• _TASK TO CARRY OUT_: Set down the data below in full, exactly as it reads, but without the pictures.

• _RECORDED INFORMATION_:
—————

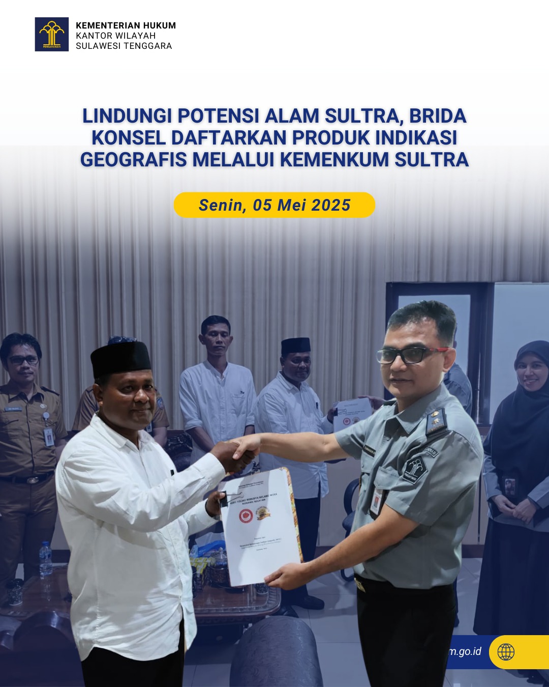 Penyerahan dokumen deskripsi ini sebagai bentuk sinergi kantor wilayah dan pemerintah daerah dalam mendorong pendaftaran indikasi geografis di Sulawesi Tenggara.
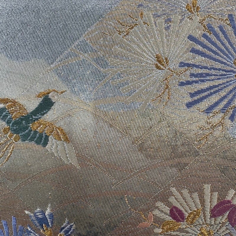 セミフォーマルでお使いいただける袋帯でございます。 見る人に重たい印象を感じさせない女性ならではの、気品豊かな一品です。 帯芯が入っておりません。 締め跡がございます。 お太鼓垂先間に擦れがございます。 リユース品としては目立った染み傷なく、状態の良いお品でございます。 ※なお、厳しく商品の状態確認を行っておりますが、記載の汚れ以外にも見落とし箇所がある可能性がある旨ご了承いただけますと幸いです。 沢山の商品の中からご覧いただき誠にありがとうございます。
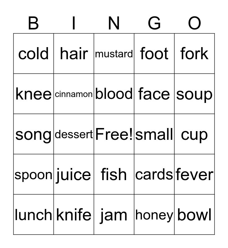 This bingo card has a free space and 29 words: lunch, dinner, dessert, ice, cold, mustard, cinnamon, juice, small, knife, cup, bowl, jam, honey, soup, onions, fish, spoon, fork, song, cards, head, face, knee, foot, hair, fever, blood and cough.
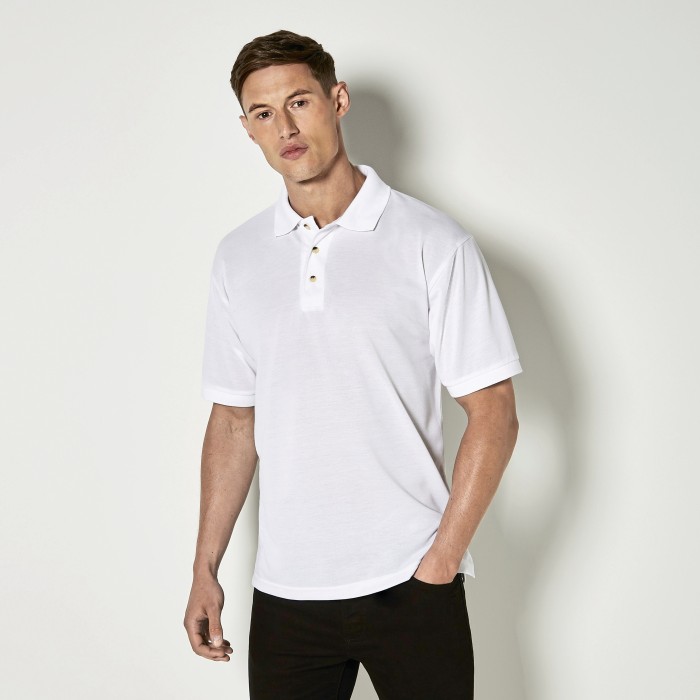 3-button-placket | Piqué | 1x1 Rib flat knit collar and cuffs | Self fabric taped back neck | Twin needle hem | Developed for sublimation printing | Xpres woven back neck label | Care label with spare button attached in side vents

—————

• _ANSWER TO THE EXERCISE_:
 Penyerahan dokumen deskripsi ini sebagai bentuk sinergi kantor wilayah dan pemerintah daerah dalam mendorong pendaftaran indikasi geografis di Sulawesi Tenggara.
 セミフォーマルでお使いいただける袋帯でございます。 見る人に重たい印象を感じさせない女性ならではの、気品豊かな一品です。 帯芯が入っておりません。 締め跡がございます。 お太鼓垂先間に擦れがございます。 リユース品としては目立った染み傷なく、状態の良いお品でございます。 ※なお、厳しく商品の状態確認を行っておりますが、記載の汚れ以外にも見落とし箇所がある可能性がある旨ご了承いただけますと幸いです。 沢山の商品の中からご覧いただき誠にありがとうございます。
 This bingo card has a free space and 29 words: lunch, dinner, dessert, ice, cold, mustard, cinnamon, juice, small, knife, cup, bowl, jam, honey, soup, onions, fish, spoon, fork, song, cards, head, face, knee, foot, hair, fever, blood and cough.
 3-button-placket | Piqué | 1x1 Rib flat knit collar and cuffs | Self fabric taped back neck | Twin needle hem | Developed for sublimation printing | Xpres woven back neck label | Care label with spare button attached in side vents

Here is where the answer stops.